Business rates: “The underlying issue has not been resolved”

As part of the spring budget, a 40% relief on business rates for studio facilities in England was introduced until 2034, after a year in which studios have been subjected to large hikes in business rates from the UK government’s Valuation Office Agency. Northern Ireland and Scotland are not subjected to the same business rate changes as England and Wales.

“Without it [40% relief], the impact on studios, particularly in England, would have been devastating, to be honest. The increase in rates was literally 100s of percent, from the smallest to the largest stages,” said Wootton.

In an earlier committee session today, Bad Wolf’s CEO Jane Tranter had flagged that Wales was not standing to benefit from the spring budget business rates relief, which is only targeted at England.

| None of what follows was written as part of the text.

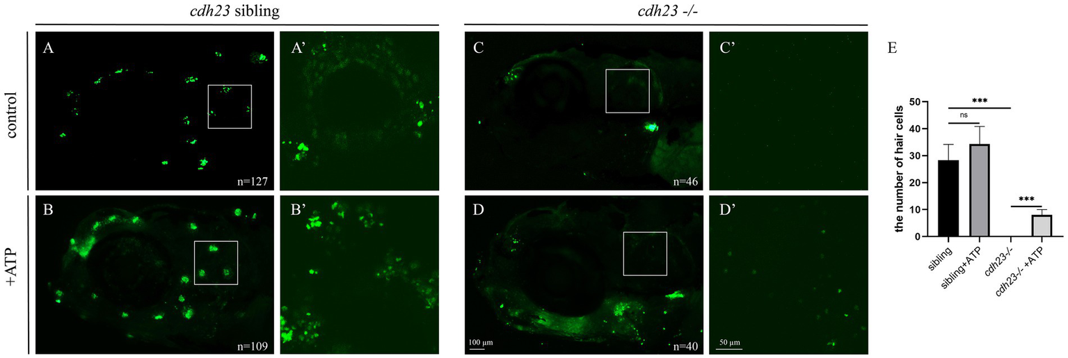 Transcriptome and qPCR results indicated that loss of cdh23 resulted in impaired metabolism and insufficient ATP. As P2RX7 is an ATP-gated ion channel, we next determined whether the shortage of ATP caused YO-PRO-1 cannot enter into hair cells. We performed ATP compensation experiment in sibling embryos after the YO-PRO-1 assay as previously described (Figure 7A). We can see that the hair cell in the inner ear and lateral line cells can be stained by YO-PRO-1 (Figures 7A,A'), while the signal in cdh23−/− embryos is completely lost (Figures 7C,C'). Next, we added 3 μM of ATP solution in E3 water for 6 h, the result showed that the hair cells still have fluorescence signal in the sibling group (Figures 7B,B'), while in the cdh23−/− group, we can see the YO-PRO-1 signal was partially restored in the inner ear and lateral line hair cells (Figures 7D,D'). These results suggest that the knockout of cdh23 resulted in impaired metabolism caused by the shortage of ATP and ATP application can partially recover the function of hair cells.

Wootten described the relief as an “Incredibly welcome sticking plaster… The underlying issue has not been resolved, and it’s not been resolved for Wales. We’ve agreed to use our resources to pay for the rates specialist who has been working with us on our working group to work with the Welsh government for their formulation to respond back on the fact that they didn’t get mitigation.”

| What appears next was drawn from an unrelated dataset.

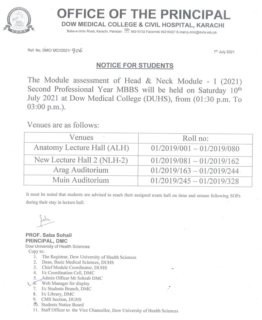 Module Assessment of Head & Neck Module-I 2021 Second Professional Year MBBS

He noted, “Ten years sounds like it’s a long time, but it’s not a long-term solution.”

The BFC is funded by the UK government’s Department for Culture, Media and Sport (DCMS) through the BFI and the Department for Business and Trade, as well as industry sponsors. However, the organisation itself does not have funding support beyond 2025. The BFC received a three-year enhanced settlement in 2020, which was extended to 23/24, then a further £1m announced in the last autumn statement for 24/25. A funding settlement from 2025 onwards now needs to be negotiated.

“We are making an argument to the government that we want to try and find a long-term funding settlement for the British Film Commission and have had a tremendous amount of support from DCMS,” said Wootton.

John Nicolson, a member of parliament from the Scottish National Party who sits on the CMS committee, challenged Wootton on how he can promote production across the UK as the chief executive of the BFC while also championing London as a filming destination through his other role as chief executive of Film London.

“In terms of the structure, that was a decision of the UK government, when the UK Film Council was dissolved,” responded Wootton.

He added: “I don’t encourage any film company to go to Sunderland vs London. What the British Film Commission does is we offer [production companies] choice,” maintaining that happens in a “completely fair and objective manner”.